§ Work required: Set down every line of the data exactly, skipping the pictures.

§ Dataset excerpt:
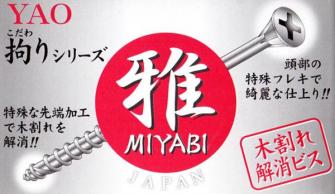 八尾製鋲株式会社(大阪府河南町、社長・河野伸幸)では、半透明樹脂ケース入り・少量ユーザー対応の人気シリーズ「プラパックミニ」に木割れ解消ビス「雅・MIYABI」を加え、2月中旬から販売を開始いたします。木割れ解消ビス「雅」は、弊社の「タピックス」をベースに改良を行い、その進化形として発売した製品です。先端部のねじ山ピッチを従来に比べて短くし、ビスが木材に入った途端、ねじ山のエッジが短いストロークで木の繊維を強力に切断することで、打ち込みの確実性を高めるとともに、木割れが起こるリスクを解消します。また、安心のメイドインジャパンをあらわす日の丸モチーフの包装デザインが建築業界で注目を呼び、上記の性能と相まって、多くのプロユーザーが指名買いするヒット商材となっております。この度の「プラパックミニ」への追加によって、大量需要のプロユーザーだけでなく、DIYを楽しむ一般のお客様との接点がいっそう広がり、ホームセンターなどの店頭を通じて、より多くの方々が「雅」の優れたパフォーマンスを手軽にお確かめいただけるものと考えます。なお、販売取り扱いの商社・小売店などの詳細につきましては、八尾製鋲営業部に直接お問い合わせください。
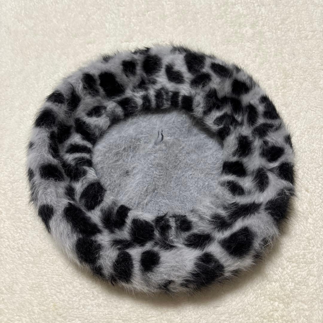 【美品】アンゴラ混 ベレー帽 ヒョウ柄
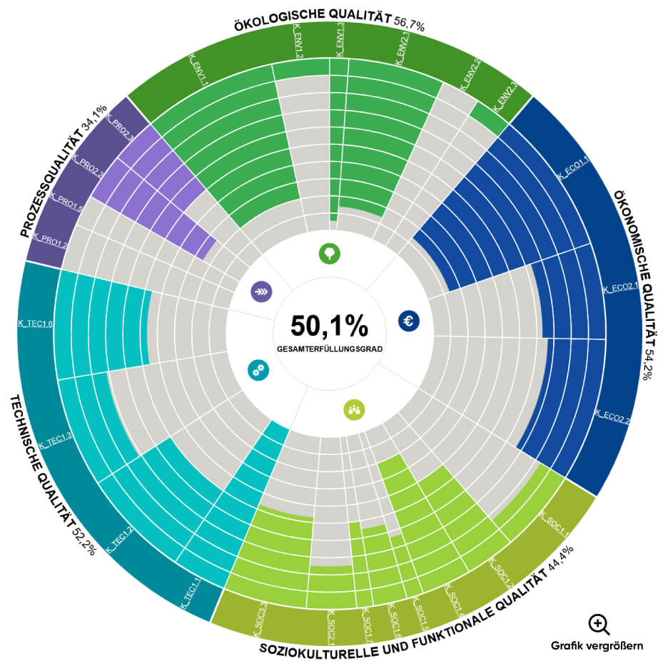 Die ganzheitliche Bewertung des Projekts umfasst die Standortanalyse sowie die technische und prozessuale Qualität, um eine umfassende Nachhaltigkeit im Lebenszyklus des Gebäudes zu garantieren.

§ Response to the task:
 八尾製鋲株式会社(大阪府河南町、社長・河野伸幸)では、半透明樹脂ケース入り・少量ユーザー対応の人気シリーズ「プラパックミニ」に木割れ解消ビス「雅・MIYABI」を加え、2月中旬から販売を開始いたします。木割れ解消ビス「雅」は、弊社の「タピックス」をベースに改良を行い、その進化形として発売した製品です。先端部のねじ山ピッチを従来に比べて短くし、ビスが木材に入った途端、ねじ山のエッジが短いストロークで木の繊維を強力に切断することで、打ち込みの確実性を高めるとともに、木割れが起こるリスクを解消します。また、安心のメイドインジャパンをあらわす日の丸モチーフの包装デザインが建築業界で注目を呼び、上記の性能と相まって、多くのプロユーザーが指名買いするヒット商材となっております。この度の「プラパックミニ」への追加によって、大量需要のプロユーザーだけでなく、DIYを楽しむ一般のお客様との接点がいっそう広がり、ホームセンターなどの店頭を通じて、より多くの方々が「雅」の優れたパフォーマンスを手軽にお確かめいただけるものと考えます。なお、販売取り扱いの商社・小売店などの詳細につきましては、八尾製鋲営業部に直接お問い合わせください。
 【美品】アンゴラ混 ベレー帽 ヒョウ柄
 Die ganzheitliche Bewertung des Projekts umfasst die Standortanalyse sowie die technische und prozessuale Qualität, um eine umfassende Nachhaltigkeit im Lebenszyklus des Gebäudes zu garantieren.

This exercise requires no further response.